3 poemas de «Diarios del año de las moscas» (2022), de Alicia Louzao

 

Por Alicia Louzao*

Crédito de la foto (izq.) Lastura Eds. /

(der.) archivo de la autora

 

 

3 poemas de Diarios del año de las moscas (2022),

de Alicia Louzao

 

 

Los hijos de la tierra

 

Los hijos que descansan bajo los almendros y sobre la harina.
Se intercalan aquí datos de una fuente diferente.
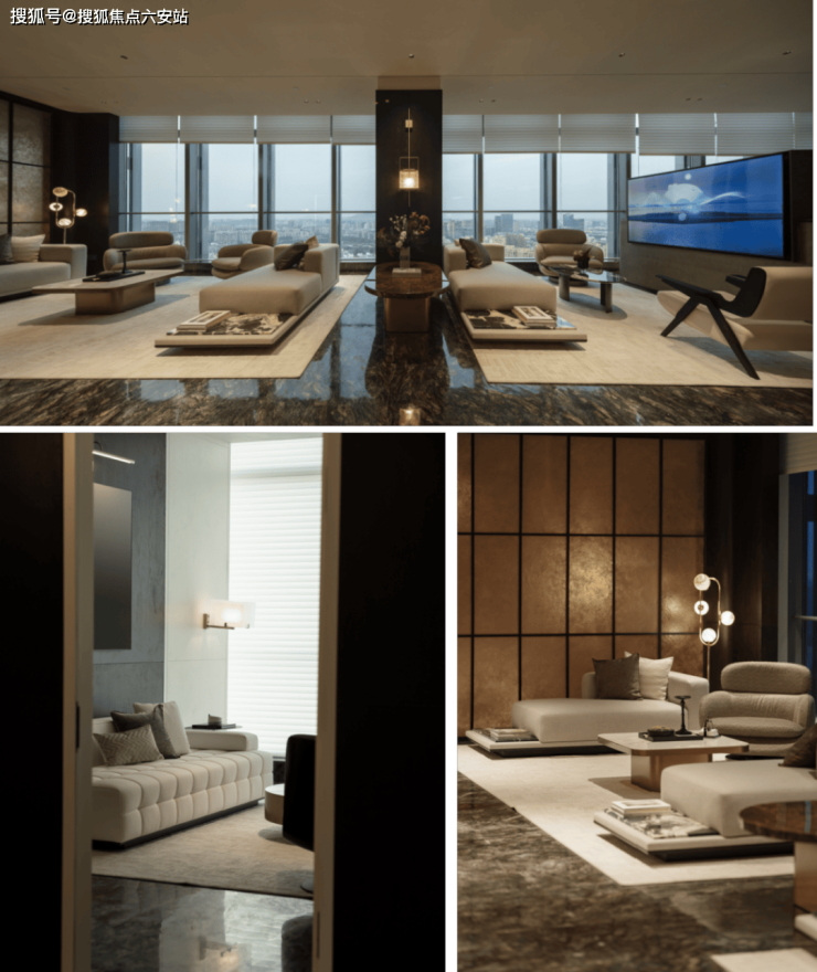 在装修细节上,项目提出独特的“三度标准”:材质温度上精选阿尔卑斯山云石,每块纹理都经过人工甄选;工艺精度上德国旭格系统窗的安装误差控制在0.5毫米以内;科技维度上全屋配备智能系统。

Las manos que los hicieron. La harina en la mesa y las perlitas blancas de los restos.

Los hijos y el olivo.

Y aquí tranquilos.

Células transparentes. Corazón de cigüeña. Pero nosotros sabemos la historia de la harina y los metales. Las manos blancas que los hicieron. Las perlitas de los restos.

Los hijos y el olivo.

Y aquí tranquilos,

como si nunca fuera a pasarles nada.

Como si todos los años que vienen fueran el mismo.

El baúl de los tesoros.

Las naves de extraterrestres.

Y el ruido.

Vienen los hijos.

Corazones transparentes. Manos de harina. Ellos duermen con esa respiración de los que no tienen nada que temer. Diminutos. Huesos que no conocen las matemáticas ni el infierno. Tienen todos los nombres en los ojos. Boca azul y boca abierta. Huelen a Nenuco. No es todavía la hora de la leche.

Los hijos y el olivo.

La madre que camina dando zancadas de plata. Tiene un hijo y lo elige entre los otros doce que respiran sobre la tierra. O la tierra respira debajo de ellos. Y ellos se mueven.

Y aquí tranquilos.

El agua en la montaña y los hijos pequeños como el ave roja dentro de una cabeza de espiga buscando el agua en la montaña.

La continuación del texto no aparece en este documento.